On Thu, 23 Jan 2025 19:11:23 -0800 Saeed Mahameed wrote: > On 23 Jan 16:55, Jakub Kicinski wrote: > >> IIUC, we want queue API to move away from rtnl and use only (new) netdev > >> lock. Otherwise, removing this dependency in the future might be > >> complicated. > > > >Correct. We only have one driver now which reportedly works (gve). > >Let's pull queues under optional netdev_lock protection. > >Then we can use queue mgmt op support as a carrot for drivers > >to convert / test the netdev_lock protection... "compliance". > > > >I added netdev_lock protection for NAPI before the merge window. > >Queues are configured in much more ad-hoc fashion, so I think > >the best way to make queue changes netdev_lock safe would be to > >wrap all driver ops which are currently under rtnl_lock with > >netdev_lock. > > Are you expecting drivers to hold netdev_lock internally? > I was thinking something more scalable, queue_mgmt API to take > netdev_lock, and any other place in the stack that can access > "netdev queue config" e.g ethtool/netlink/netdev_ops should grab > netdev_lock as well, this is better for the future when we want to > reduce rtnl usage in the stack to protect single netdev ops where > netdev_lock will be sufficient, otherwise you will have to wait for ALL > drivers to properly use netdev_lock internally to even start thinking of > getting rid of rtnl from some parts of the core stack. Agreed, expecting drivers to get the locking right internally is easier short term but messy long term. I'm thinking opt-in for drivers to have netdev_lock taken by the core. Probably around all ops which today hold rtnl_lock, to keep the expectations simple. net_shaper and queue_mgmt ops can require that drivers that support them opt-in and these ops can hold just the netdev_lock, no rtnl_lock.

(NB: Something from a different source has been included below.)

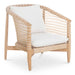 Named in tribute to the skilled weavers of Panama, Kuna showcases the traditional Lloyd Loom technique set against a contemporary teak wood frame. Over time, this gorgeous wood turns into a darker patina which looks all the more stunning contrasted against the clean white fabric upholstery of this versatile design. Easy-to-wash removable cushions keep this outdoor lounge chair bright, beautiful and ready for the sun.

On 24 Jan 07:26, Jakub Kicinski wrote: >On Thu, 23 Jan 2025 19:11:23 -0800 Saeed Mahameed wrote: >> On 23 Jan 16:55, Jakub Kicinski wrote: >> >> IIUC, we want queue API to move away from rtnl and use only (new) netdev >> >> lock. Otherwise, removing this dependency in the future might be >> >> complicated. >> > >> >Correct. We only have one driver now which reportedly works (gve). >> >Let's pull queues under optional netdev_lock protection. >> >Then we can use queue mgmt op support as a carrot for drivers >> >to convert / test the netdev_lock protection... "compliance". >> > >> >I added netdev_lock protection for NAPI before the merge window. >> >Queues are configured in much more ad-hoc fashion, so I think >> >the best way to make queue changes netdev_lock safe would be to >> >wrap all driver ops which are currently under rtnl_lock with >> >netdev_lock. >> >> Are you expecting drivers to hold netdev_lock internally? >> I was thinking something more scalable, queue_mgmt API to take >> netdev_lock, and any other place in the stack that can access >> "netdev queue config" e.g ethtool/netlink/netdev_ops should grab >> netdev_lock as well, this is better for the future when we want to >> reduce rtnl usage in the stack to protect single netdev ops where >> netdev_lock will be sufficient, otherwise you will have to wait for ALL >> drivers to properly use netdev_lock internally to even start thinking of >> getting rid of rtnl from some parts of the core stack. > >Agreed, expecting drivers to get the locking right internally is easier >short term but messy long term. I'm thinking opt-in for drivers to have >netdev_lock taken by the core. Probably around all ops which today hold >rtnl_lock, to keep the expectations simple. > Why opt-in? I don't see any overhead of taking netdev_lock by default in rtnl_lock flows. >net_shaper and queue_mgmt ops can require that drivers that support >them opt-in and these ops can hold just the netdev_lock, no rtnl_lock.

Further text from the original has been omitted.